Abstract Video copy-move forgery detection (VCMFD) is a significant and greatly challenging task due to a variety of difficulties, including a huge amount of video information, diverse forgery types, rich forgery objects, and homogenous forgery sources. These difficulties raise four unresolved key challenges in VCMFD: i) ineffective detection in some popular forgery cases; ii) inefficient matching in processing numerous video pixels with hundred-dimensional features under dozens of matching iterations; iii) high false positive (FP) in detecting forgery videos; iv) low trade-off of efficiency and effectiveness in filling forgery region, and even failing in indicating forgeries at the pixel level. In this paper, a novel VCMFD method is proposed to address these issues: i) an innovatively improved SIFT structure that can address the thorough feature extraction in all video copy-move forgery cases; ii) a novel fast keypoint-label matching (FKLM) algorithm is proposed that creates some keypoint-label groups so that every high-dimensional feature is assigned into one of these groups.

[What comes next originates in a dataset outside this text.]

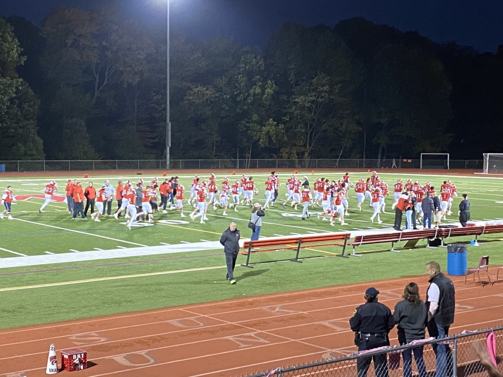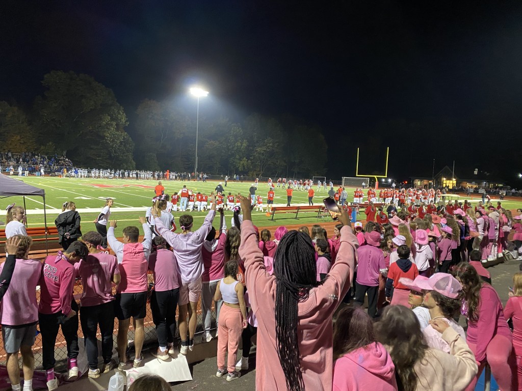 This important game was a great match with an extremely important cause. The theme for this game was a pink-out, and people came dressed in pink outfits with pink accessories. The Red Army also organized throwing colored chalk into the air, and helped with many cheers that improved the game’s environment. Giordano comments, “The support from the community, from the school, the student body, has been amazing- better than in all the years I’ve coached. This is probably the most active I’ve seen the student body.” He also adds, “The Red Army helps make that atmosphere, so we appreciate them.” In addition to this, a ceremony was hosted for the Briganti family, who was affected by pancreatic cancer, before the football game. Players were seen wearing purple wristbands to show their support, and t-shirts were also being sold to promote pancreatic cancer awareness.

As a result, matching of video pixels can be directly done on a small number of keypoint-label groups only, leading to a nearly 500% raise in matching efficiency; iii) a new coarse-to-fine filtering relying on intrinsic attributes of exact keypoint-matches is designed to more effectively reduce the false keypoint-matches; iv) the adaptive block filling relying on true keypoint-matches contributes to the accurate and efficient suspicious region filling, even at the pixel level. Finally, the suspicious region locations with the forgery vision persistence concept indicate forgery videos. Compared to the state-of-art methods, the experiments show that our proposed method achieves the best detection accuracy, lowest FP, and improved at least 16% and 8% of F1 scores on the GRIP 2.0 dataset and a combination of SULFA 2.0 & REWIND datasets. Furthermore, the proposed method is with low computational time (4.45 s/Mpixels), which is about 1/2-1/3 times of the latest DFMI-BM (8.02 s/Mpixels) and PM-2D (13.1 s/Mpixels) methods.